On Tue, May 01 2018, Derrick Stolee wrote:
> On 4/30/2018 6:07 PM, Ævar Arnfjörð Bjarmason wrote:
>> Since we show the commit data in the output that's nicely aligned once
>> we sort by object type. The decision to show tags before commits is
>> pretty arbitrary, but it's much less likely that we'll display a tag,
>> so if there is one it makes sense to show it first.
>
> Here's a non-arbitrary reason: the object types are ordered
> topologically (ignoring self-references):
>
> tag -> commit, tree, blob
> commit -> tree
> tree -> blob
Thanks. I'll add a patch with that comment to v2.

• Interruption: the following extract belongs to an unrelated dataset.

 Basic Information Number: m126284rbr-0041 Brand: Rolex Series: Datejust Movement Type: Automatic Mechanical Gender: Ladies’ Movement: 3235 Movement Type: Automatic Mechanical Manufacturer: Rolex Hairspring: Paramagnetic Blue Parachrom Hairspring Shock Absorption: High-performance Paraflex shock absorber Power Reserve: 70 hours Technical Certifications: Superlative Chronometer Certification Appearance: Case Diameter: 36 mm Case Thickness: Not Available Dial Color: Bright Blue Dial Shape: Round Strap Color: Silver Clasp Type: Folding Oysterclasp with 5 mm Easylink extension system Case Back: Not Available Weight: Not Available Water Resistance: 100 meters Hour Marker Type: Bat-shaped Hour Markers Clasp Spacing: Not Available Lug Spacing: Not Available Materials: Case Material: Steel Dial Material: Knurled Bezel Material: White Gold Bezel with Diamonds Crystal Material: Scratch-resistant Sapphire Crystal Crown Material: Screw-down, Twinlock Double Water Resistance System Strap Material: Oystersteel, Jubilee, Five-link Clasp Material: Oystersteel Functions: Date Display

>> @@ -421,7 +451,12 @@ static int get_short_oid(const char *name, int len,
>> struct object_id *oid,
>> ds.fn = NULL;
>> advise(_("The candidates are:"));
>> - for_each_abbrev(ds.hex_pfx, show_ambiguous_object, &ds);
>> + for_each_abbrev(ds.hex_pfx, collect_ambiguous, &collect);
>> + QSORT(collect.oid, collect.nr, sort_ambiguous);
>
> I was wondering how the old code sorted by SHA even when the ambiguous
> objects were loaded from different sources (multiple pack-files, loose
> objects). Turns out that for_each_abbrev() does its own sort after
> collecting the SHAs and then calls the given function pointer only
> once per distinct object. This avoids multiple instances of the same
> object, which may appear multiple times across pack-files.
>
> I only ask because now we are doing two sorts. I wonder if it would be
> more elegant to provide your sorting algorithm to for_each_abbrev()

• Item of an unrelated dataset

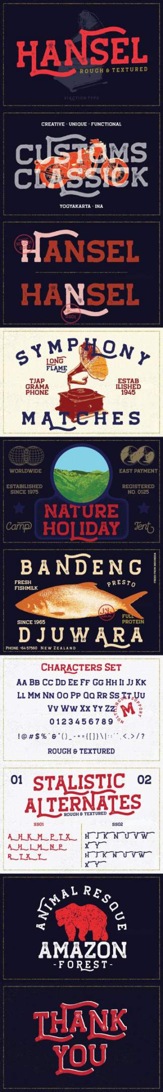 Hansel是一种板坯衬线,具有2种样式的粗糙和纹理,可很好地应用于各种产品。带有多语言字符和惯用替代词。它适用于报价,服装设计,复古徽标,标签,海报,包装设计和其他设计。

> and let it call show_ambiguous_object as before.
>
> Another question is if we should use this sort generally for all calls
> to for_each_abbrev(). The only other case I see is in
> builtin/revparse.c.
When preparing v2 I realized how confusing this was, so I'd added this
to the commit message of my WIP re-roll which should explain this:
A note on the implementation: I started out with something much
simpler which just replaced oid_array_sort() in sha1-array.c with a
custom sort function before calling oid_array_for_each_unique(). But
then dumbly noticed that it doesn't work because the output function
was tangled up with the code added in fad6b9e590 ("for_each_abbrev:
drop duplicate objects", 2016-09-26) to ensure we don't display
duplicate objects.
That's why we're doing two passes here, first we need to sort the list
and de-duplicate the objects, then sort them in our custom order, and
finally output them without re-sorting them. I suppose we could also
make oid_array_for_each_unique() maintain a hashmap of emitted
objects, but that would increase its memory profile and wouldn't be
worth the complexity for this one-off use-case,
oid_array_for_each_unique() is used in many other places.